Für alle, die sich bei Audio-Analogue-Produkten (noch) nicht so gut auskennen: Mit der Einstiegsserie „PureAA“ bieten die Italiener Geräte, die sich durch ein herausragendes Preis-Leistungs-Verhältnis, solide Technik und einfache Bedienbarkeit auszeichnen sollen – hier ordnet sich der AA100DM ein. Die Anniversary-Linie, zu der die Vorstufe Audio Analogue Bellini in ihrer aktuellen Form gehört, ist hingegen so etwas wie das Herzstück von Audio Analogue. Und dann wäre da noch die ABsolute-Serie als kompromisslose Spitze des Portfolios. Bei diesen maximal aufwändig konstruierten Geräten geht es um „ABsolutes“ Referenzniveau für die allerhöchsten Ansprüche.
In guter Gesellschaft
Kleine Kuriosität nebenbei: Eigentlich ist es passend, dass die – wie jedes Audio-Analogue-Gerät – in Schwarz und Silber erhältliche Audio Analogue Bellini in meinem Rack nun direkt über der Norma Audio REVO SC-2 steht. Denn Namensgeber Vincenzo Bellini war niemand Geringeres als der Komponist der für meine Referenz-Verstärker namensgebenden Oper „Norma“. Wer lieber an flüssige als an musikhistorische Genüsse denkt, dem wird bei „Bellini“ der aus Pfirsich-Püree und Prosecco gemixte Cocktail in den Sinn kommen – der jedoch wurde nach dem venezianischen Maler Giovanni Bellini benannt. Okay, damit dürfte dem kulturellen und süffigen Bildungsauftrag von fairaudio Genüge getan sein. Schauen wir uns den Hauptakteur dieses Tests, den Stereo-Endverstärker aus der Toskana, genauer an.

Schöner Sidekick: Die Hochpegel-Vorstufe Audio Analogue Bellini stand uns während der Testphase ebenfalls zur Verfügung, sie stammt aus der nächsthöheren Linie
Audio Analogue AA100DM: Technik und Konzept
Der Audio Analogue AA100DM ist ein Class-AB-Leistungsverstärker mit kurz gehaltenen Signalwegen in symmetrischer Architektur. Das dient der Minimierung externer Störeinflüsse, während der Dual-Mono-Aufbau für eine hohe Kanaltrennung sorgt. Letzteres gilt zumindest ab dem dicken 760-VA-Trafo, der die Stromversorgung beider Stereokanäle übernimmt. Sechs bipolare Leistungstransistoren pro Kanal besorgen die Verstärkung und geben das Signal an die Terminals weiter.

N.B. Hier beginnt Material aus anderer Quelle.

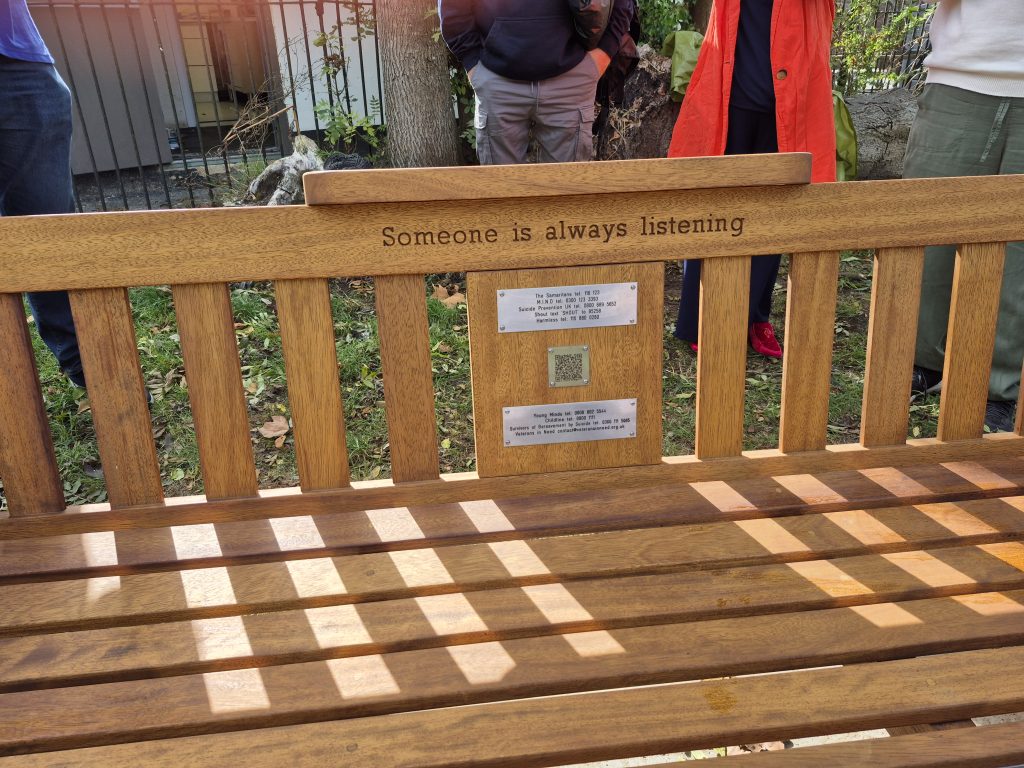 The bench is provided with a solar powered light and has a number of inscriptions which offer help to any who have mental health issues or are considering suicide.

Schön symmetrisch: Der Audio Analogue AA100DM ist – hinterm Trafo – in Doppelmono aufgebaut und besitzt ein symmetrisches Schaltungsdesign
Audio Analogue verzichtet wie immer vollständig auf globale Gegenkopplung. Das gilt gemeinhin als schwieriger, zumindest aber unbequemer Entwicklungsweg, weil man sich nicht mit einer Korrekturschleife am Signal behelfen kann. Dafür klinge es, wenn die Schaltung gut ausbaldowert wurde, offener, freier und dynamisch natürlicher, sagen jedenfalls die Befürworter des Konzepts. Um mich hier nicht zu wiederholen, lege ich allen, die ein wenig mehr zur Thematik erfahren möchten, unser Lexikon, den Artikel von Nelson Pass zum Thema und vor allem den besagten Test des Maestro 2.0 ans Herz.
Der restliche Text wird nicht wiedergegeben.